§ **How to complete this task**: Word for word, write the lines below out again, with no pictures.

§ **Given information**:
━━━━

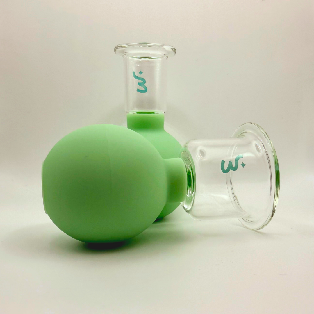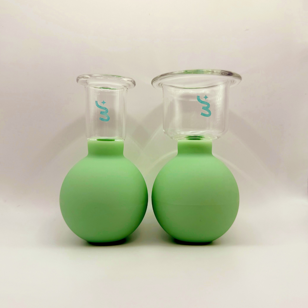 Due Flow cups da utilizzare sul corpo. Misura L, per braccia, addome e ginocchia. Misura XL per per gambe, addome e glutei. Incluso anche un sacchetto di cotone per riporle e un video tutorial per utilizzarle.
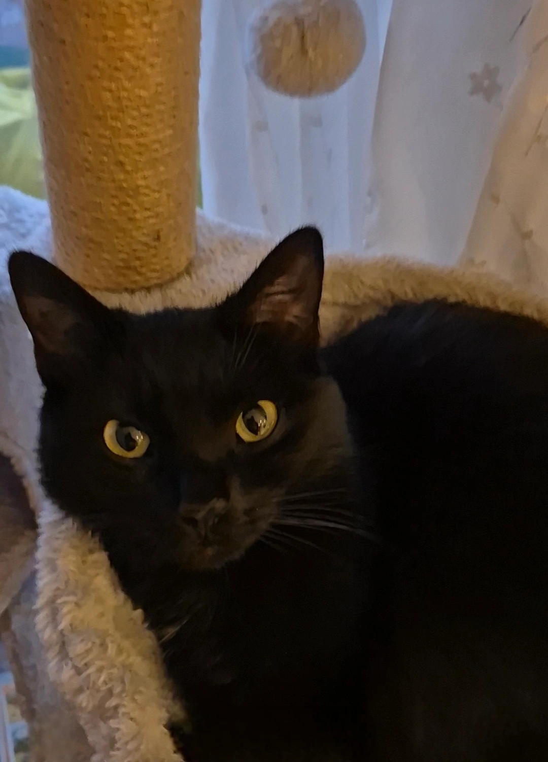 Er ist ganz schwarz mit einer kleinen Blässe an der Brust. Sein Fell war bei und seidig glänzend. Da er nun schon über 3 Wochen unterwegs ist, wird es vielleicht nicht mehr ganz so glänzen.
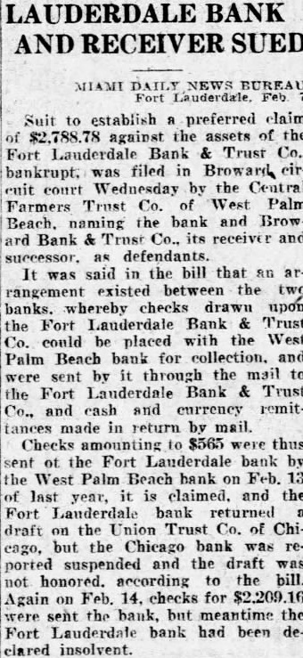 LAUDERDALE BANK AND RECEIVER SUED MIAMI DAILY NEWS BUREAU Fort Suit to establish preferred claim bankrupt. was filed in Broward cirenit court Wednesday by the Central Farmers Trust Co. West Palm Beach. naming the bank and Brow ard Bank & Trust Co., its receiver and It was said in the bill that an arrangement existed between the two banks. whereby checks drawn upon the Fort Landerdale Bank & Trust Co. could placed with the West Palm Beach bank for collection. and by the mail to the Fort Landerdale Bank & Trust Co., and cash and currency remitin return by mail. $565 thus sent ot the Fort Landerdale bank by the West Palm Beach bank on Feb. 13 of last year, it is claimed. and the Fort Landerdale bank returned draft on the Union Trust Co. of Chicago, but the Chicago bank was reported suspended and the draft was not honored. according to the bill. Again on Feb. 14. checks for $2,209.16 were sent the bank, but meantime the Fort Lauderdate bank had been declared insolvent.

━━━━

§ **Your response**:
 Due Flow cups da utilizzare sul corpo. Misura L, per braccia, addome e ginocchia. Misura XL per per gambe, addome e glutei. Incluso anche un sacchetto di cotone per riporle e un video tutorial per utilizzarle.
 Er ist ganz schwarz mit einer kleinen Blässe an der Brust. Sein Fell war bei und seidig glänzend. Da er nun schon über 3 Wochen unterwegs ist, wird es vielleicht nicht mehr ganz so glänzen.
 LAUDERDALE BANK AND RECEIVER SUED MIAMI DAILY NEWS BUREAU Fort Suit to establish preferred claim bankrupt. was filed in Broward cirenit court Wednesday by the Central Farmers Trust Co. West Palm Beach. naming the bank and Brow ard Bank & Trust Co., its receiver and It was said in the bill that an arrangement existed between the two banks. whereby checks drawn upon the Fort Landerdale Bank & Trust Co. could placed with the West Palm Beach bank for collection. and by the mail to the Fort Landerdale Bank & Trust Co., and cash and currency remitin return by mail. $565 thus sent ot the Fort Landerdale bank by the West Palm Beach bank on Feb. 13 of last year, it is claimed. and the Fort Landerdale bank returned draft on the Union Trust Co. of Chicago, but the Chicago bank was reported suspended and the draft was not honored. according to the bill. Again on Feb. 14. checks for $2,209.16 were sent the bank, but meantime the Fort Lauderdate bank had been declared insolvent.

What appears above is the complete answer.